Note: Time-based strings are in the YYYY-MM-DD HH:MM:SS format. The
month “MM” starts at 01 for January and ends with 12 for December. The
hours “HH” are 00-23, and minutes “MM” and seconds “SS” are 00-59.
The times are recorded at UTC (GMT) and daylight savings time (DST) is not
applicable.
Example Message from SIE Channel 214
Data acquired from Channel 214 DNS Changes is returned in NMSG format when
using the Direct Connect or SIE Remote Access (SRA) access methods. NMSG is an
adaptable container format that allows for consistent or variable message types.

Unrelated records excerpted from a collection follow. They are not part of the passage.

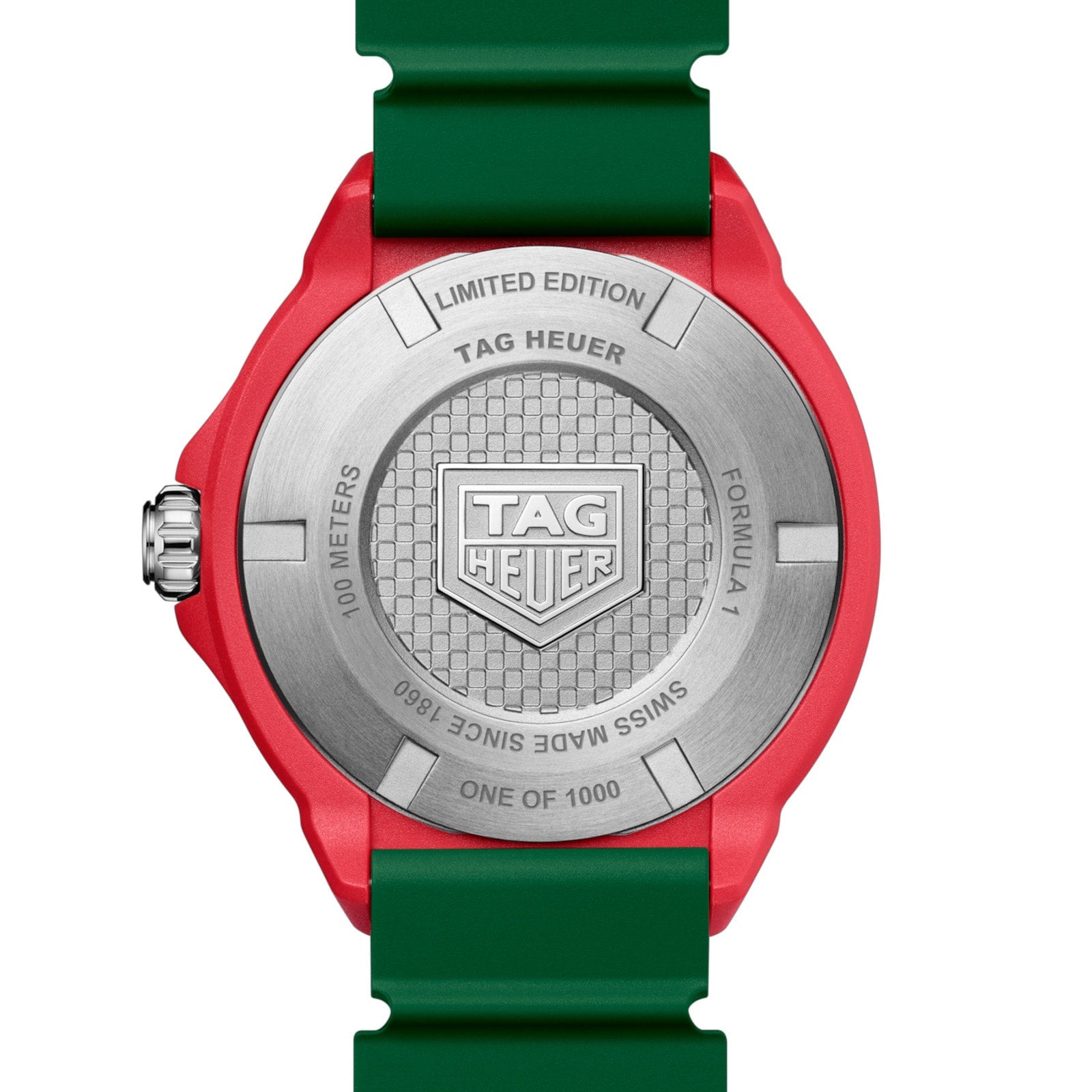 A unique, colour-driven design comes to the forefront with the TAG Heuer Formula 1 Solargraph (38 mm). Its striking combination of red and green TH-Polylight makes this timepiece an exciting addition to the Formula 1 collection, offering solar-powered performance and a playful, dynamic look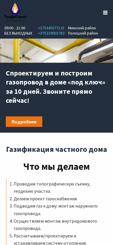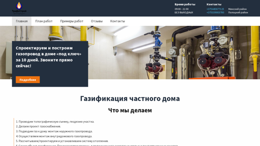 | Название / Заголовок | Спроектируем и построим газопровод в доме «под ключ» за 10 дней. Звоните прямо сейчас! - Газификация и отопление частного дома в Минском районе под ключ |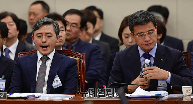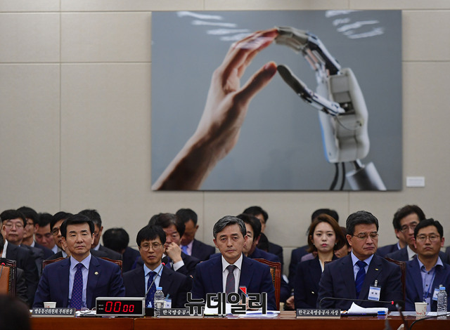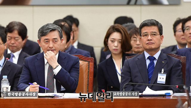 양승동 KBS 사장과 장해랑 EBS 사장이 19일 오전 국회에서 열린 국회 과학기술정보방송통신위원회의 한국방송공사(KBS)와 한국교육방송공사(EBS)에 대한 국정감사에 참석해 자리하고 있다.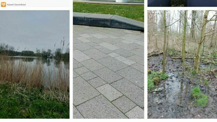 Volgens mij heb ik het gevonden....ik klim over een hek en loop naar een kudde grazende schapen. Nog even een extra check: Oh nee, dit is niet precies de route. Dus een stukje terug, en iets meer naar rechts een weiland in. Ik zie niet echt duidelijk of dit wel een officeel pad is, maar loop nu wel precies over de rode streep. Als ik iets verder vooruit kijk zie ik wel een 'kaler' stuk tussen bomen door, dus het zal inderdaad onderdeel van een pad zijn. Ik loop een stukje verder en merk nu goed dat het de afgelopen tijd flink geregend heeft. Ik loop dapper verder en ja hoor, natte schoenen en natte sokken ! Daar had ik niet echt op gerekend. Nou ja, ze zijn nu toch al nat, dus ik kan net zo goed verder lopen. Na nog wat echt natte stukken kom ik op een graspad langs de sloot. Dit loopt iets droger. De vreugde is van korte duur, want even verderop is geen gras, maar natte modder en blubber. Ik ben blij dat ik mijn schoenen goed stevig heb vastgeknoopt, want ze smakken flink in de modder, en de modderspetters vliegen omhoog bij elke stap. Het was niet alleen graspad, en modder, maar ook door een klein bos, dus weer goed opletten waar ik langs moest. Uiteindelijk kom ik weer op een verhard (fiets)pad en ga ik echt Leeuwarden weer in. Ik was trots op mezelf dat ik de eigenlijke route toch heb gevolgd.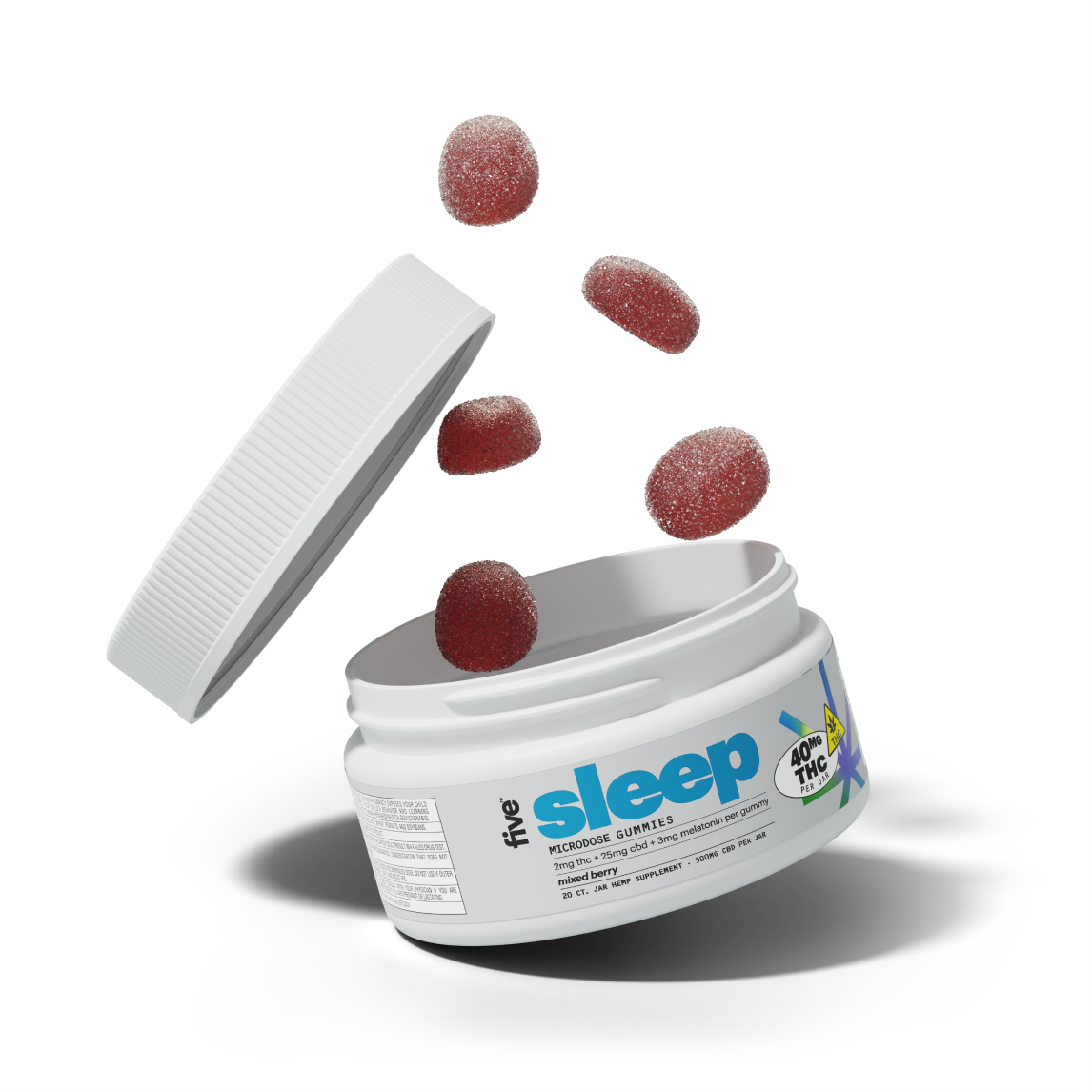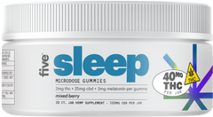 rest easy with five's microdose sleep gummies, crafted with 2mg delta-9 thc, 3mg melatonin, and other cannabinoids to ease you into a sleepy slumber. taste the smooth mixed berry flavor and elevate your nighttime relaxation.

If data is downloaded for Channel 214 using SIE Batch, the data is already
delivered in ND-JSON format, and the nmsgtool step below can be skipped.
The nmsgtool program is a tool for acquiring a variety of different inputs,
like data streams from the network, capturing data from network interfaces,
reading data from files, or even standard input and making NMSG payloads
available to one or more outputs. The nmsgtool program can acquire data from
SIE Channel 214 and convert it to a ND-JSON (newline-delimited JSON) text format
for display or additional processing and analysis. nmsgtool is a program
written by Farsight and released as open source.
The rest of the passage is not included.